Minne Graw - Ausgeträumt

Minne Graw - Ausgeträumt
Sireena Records / Broken Silence Distribution (1986 / 2010)
(8 Stücke, 29:59 Minuten Spielzeit)

Wenn von deutschem Folkrock die Rede ist, dann fällt immer ein Name, Ougenweide. Diese Band, in der Minne Graw in den 70’ern den Gesangspart übernahm, hat den deutschen Mittelalter-Folkrock wesentlich mitgeprägt. Sängerin und Keyboarderin Minne Graw gehörte fast 12 Jahre zur deutsche Formation und nahm nach ihrem Ausstieg mit ihren Ougenweide-Mitstreitern Frank und Stefan Wulff in den Jahren 1986/1987 einige Stücke auf, die allerdings nie erschienen sind.


Am 22 Januar 2010 erblicken nun diese sechs Stücke, die um weitere zwei Demoversionen ergänzt wurden, erstmals das Licht der Öffentlichkeit. Neben Stefan Wulff, der Bass spielt und für die Drumprogrammierung verantwortlich war und Frank Wulff, der an Didgeridoo, Saxophon, Mandoline oder Akustikgitarre zu hören ist, wirken bei einigen Tracks noch Gunter Thönis (Schlagzeug) und Ditzi Fischer (Trombone) mit. Die Stücke auf dem allerdings mit gerade mal einer halben Stunde recht kurzen Album „Ausgeträumt“ stellen eine Mischung aus Folkrock, Pop und Liedermacher auf.

Die CD beginnt mit der sehr schönen, von Piano bestimmten Ballade „Langeweile“. Das Eröffnungsstück zeigt gleich in welche musikalische Richtung es auf dem Album geht. Zwar klingt die Musik wie aus einem anderen Zeitalter, ist aber klanglich auf einem hohen Niveau. Die Wurzeln des Folkrock kann Minne dabei nicht ganz verleugnen, was aber auch den Charme dieser Veröffentlichung ausmacht.

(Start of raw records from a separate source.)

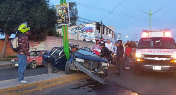 La frágil unidad detuvo su marcha contra un poste de alumbrado público e impactó en el costado derecho; por la fuerza, el vehículo se dobló.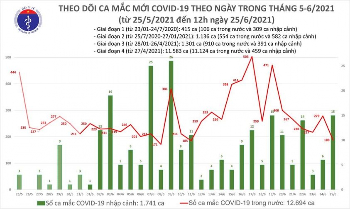 Tính từ 6-12h ngày 25/6, Việt Nam có 112 ca mắc COVID-19 mới, gồm 3 ca cách ly ngay sau khi nhập cảnh tại Kiên Giang (1), Quảng Ninh (1), An Giang (1) và 109 ca ghi nhận trong nước tại TP.HCM (50), Long An (21), Bắc Giang (18), Bình Dương (12), Hưng Yên (3), Phú Yên (2), Bắc Ninh (2), Quảng Ninh (1); trong đó 106 ca được phát hiện trong khu cách ly hoặc khu đã được phong toả.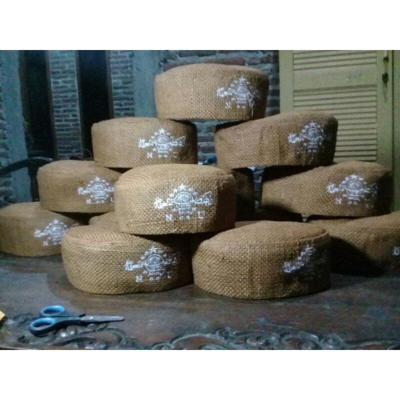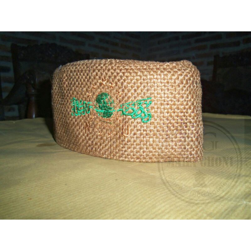 Peci etnik berbahan dasar serat tumbuhan rosela/jute,biasa disebut rami/goni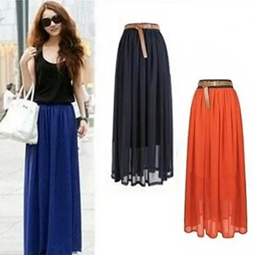 Related Product for long maxi dresses for women and Summer Autumn Women Double Layer Chiffon Pleated Retro Long Maxi Dress Elastic Waist Skirt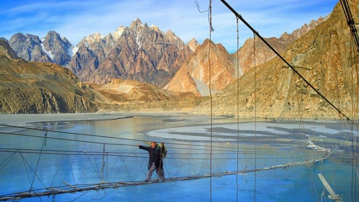 Jembatan ini digunakan untuk menyeberangi Danau Borit di Pakistan.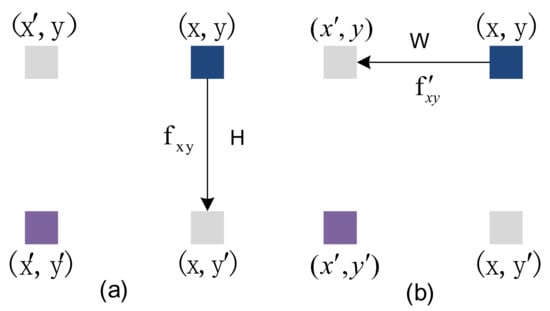 The Adjacent Position Attention Module can capture contextual information in the horizontal and vertical directions. The feature map passes through the column attention layer and the row attention layer to form a global spatial attention module. As shown in Figure 4, all pixels from x to in (a) are calculated for the similarity of adjacent pixels in the same column, and the context information of H pixels in the same column is obtained. The feature map passes through the column attention layer (a), and the output result is after the line attention layer (b); all pixels from y to in (b) are calculated for the similarity of adjacent pixels in the same line, the W pixel context information of the same peer is obtained, so the pixel in Figure 4 obtains the context information of the H × W area, that is, each pixel in the attention module of the adjacent position can collect the context information of the H × W area to generate new features with dense and rich contextual information.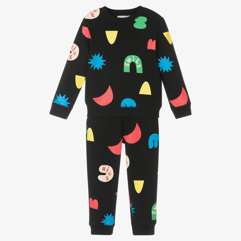 Boys black tracksuit by Stella McCartney Kids, with a colourful shapes print. Made in mid-weight organic cotton sweatshirt jersey, this easy-wearing two-piece has a crew neck top and ribbed cuffs and hem. The matching joggers have an adjustable drawstring waist and elasticated cuffs.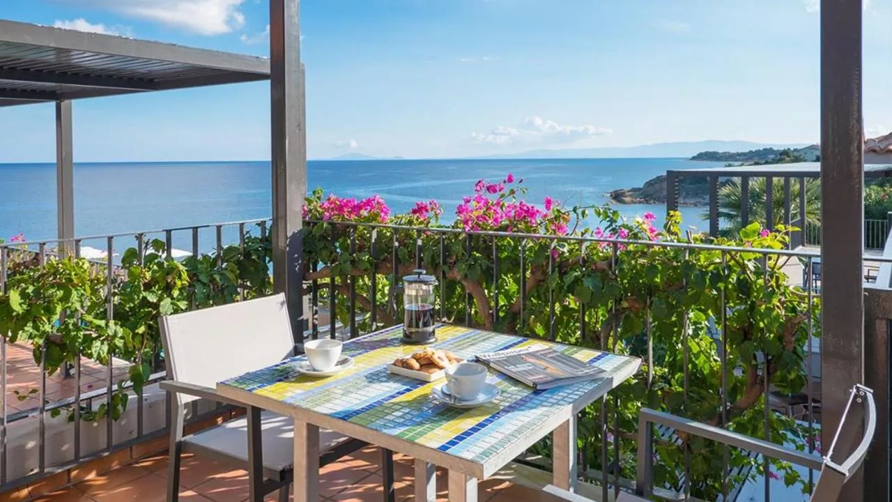 Bathroom: Bathrobe Hairdryer Toilet Shower Toilet paper Private bathroom Room Amenities: Hardwood or parquet floors Sofa Iron Ironing facilities Seating Area Socket near the bed Sofa bed Air conditioning Outdoor & View: Sea view Pool view Balcony Food & Drink: Dining table Outdoor furniture Refrigerator Kitchenware Kitchenette Media & Technology: Flat-screen TV TV Services & Extras: Towels Building characteristics: Detached
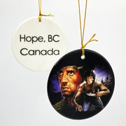 2.75" round ornament with Rambo design on front and Hope, BC on back. Ceramic with gold hanging cord.

Ein Highlight des Albums ist sicherlich „Träume leben“, das vor allem durch eine sehr schöne, melancholisch/verträumte Melodie besticht. „Ausgeträumt“ ist ein Stück, dass mich ein wenig an die typischen 80’er-Jahre Songs der Krautrockära erinnert, mit einem typischen Keyboardsound und dem Versuch sich an die damalige Popmusik anzulehnen. Mehrstimmiger Satzgesang, der im Mehrspurverfahren aufgenommen wurde, findet sich in „Am Morgen“, das sich mit seinem Sound auch der NDW annähert. Fast schon ein Discosong ist das Stück „Urlaub“, das, wenn man es in den 80’ern als Single herausgebracht hätte, sicherlich in die Charts gekommen wäre. Dafür sorgt auch eine Spur NDW und die eingängige Melodie.

Mit der atmosphärischen Ballade „Angst davor“ enden die ursprünglichen Songs. Danach kommen mit „Ausgespuckt“ und „Die Nacht“ noch zwei Demoversionen, die für meinen Geschmack aber den Charakter von Demos übersteigen, denn sie sind sehr gut produziert und passen sich hervorragend in den Reigen der übrigen Songs ein. „Ausgespuckt“ ist ein Song der vom Keyboard bestimmt wird und NDW-Sound aufweist, so wie es beispielsweise auch Grobschnitt bei ihrer Produktion „Kinder und Narren“ versuchten (z. B. mit dem Keyboardsound von Jürgen Cramer). Mit „Die Nacht“, einer melancholischen Ballade endet dann das Album.

„Ausgeträumt“ ist eine CD die den Freunden von Ougenweide und balladeskem, melancholischen Deutschrock der 80’er Jahre gefallen wird. Sireena hat hier mal wieder einige sehr schöne Songs entdeckt, die ohne die liebevolle Restaurierung in der Ecke verstaubt wären. Darüber hinaus ist die Produktion klanglich wirklich auf dem neuesten Stand.